Pre-Revolutionary Russia

And its eerie similarity to America in 2020
Вступление._1905_год._Москва

What was pre-revolutionary Russia like? A place where robbery, extortion, and murder “became more common than traffic accidents.” Gary Saul Morson explains:

Anyone wearing a uniform was a candidate for a bullet to the head or sulfuric acid to the face. Country estates were burnt down (‘rural illuminations’) and businesses were extorted or blown up. Bombs were tossed at random into railroad carriages, restaurants, and theaters. Far from regretting the death and maiming of innocent bystanders, terrorists boasted of killing as many as possible, either because the victims were likely bourgeois or because any murder helped bring down the old order. A group of anarcho-­communists threw bombs laced with nails into a café bustling with two hundred customers in order ‘to see how the foul bourgeois will squirm in death agony.’

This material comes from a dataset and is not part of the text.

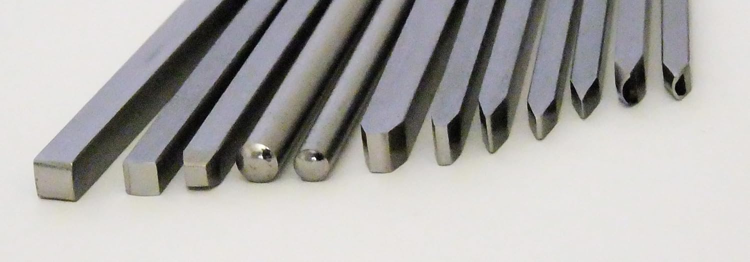 Meticulously crafted tool steel and then heat-treated in a kiln for hardened steel. Each repoussé and chasing tool is 4" long to provide maximum control. Multi profiles are included. You will be impressed with the exceptional workmanship applied to the creation of these outstanding tools. Suitable for stamping on Aluminum, Pewter, Alkeme, Copper, Brass, Nickel, Silver. Tips measure : 5.9mm 5mm 3.2mm 5.9mm 4.9mm 5.9 x 3.2mm 5.9 x 2mm 5.9 x .9 mm 3.5 x 1 mm 3.6 x 7.5mm 5.5 x 2.04 mm 4.3 x 2mm

Instead of the pendulum’s swinging back—a metaphor of inevitability that excuses people from taking a stand—the killing grew and grew, both in numbers and in cruelty. Sadism replaced simple killing. As Geifman explains, ‘The need to inflict pain was transformed from an abnormal irrational compulsion experienced only by unbalanced personalities into a formally verbalized obligation for all committed revolutionaries.’ One group threw ‘traitors’ into vats of boiling water. Others were still more inventive. Women torturers were especially admired.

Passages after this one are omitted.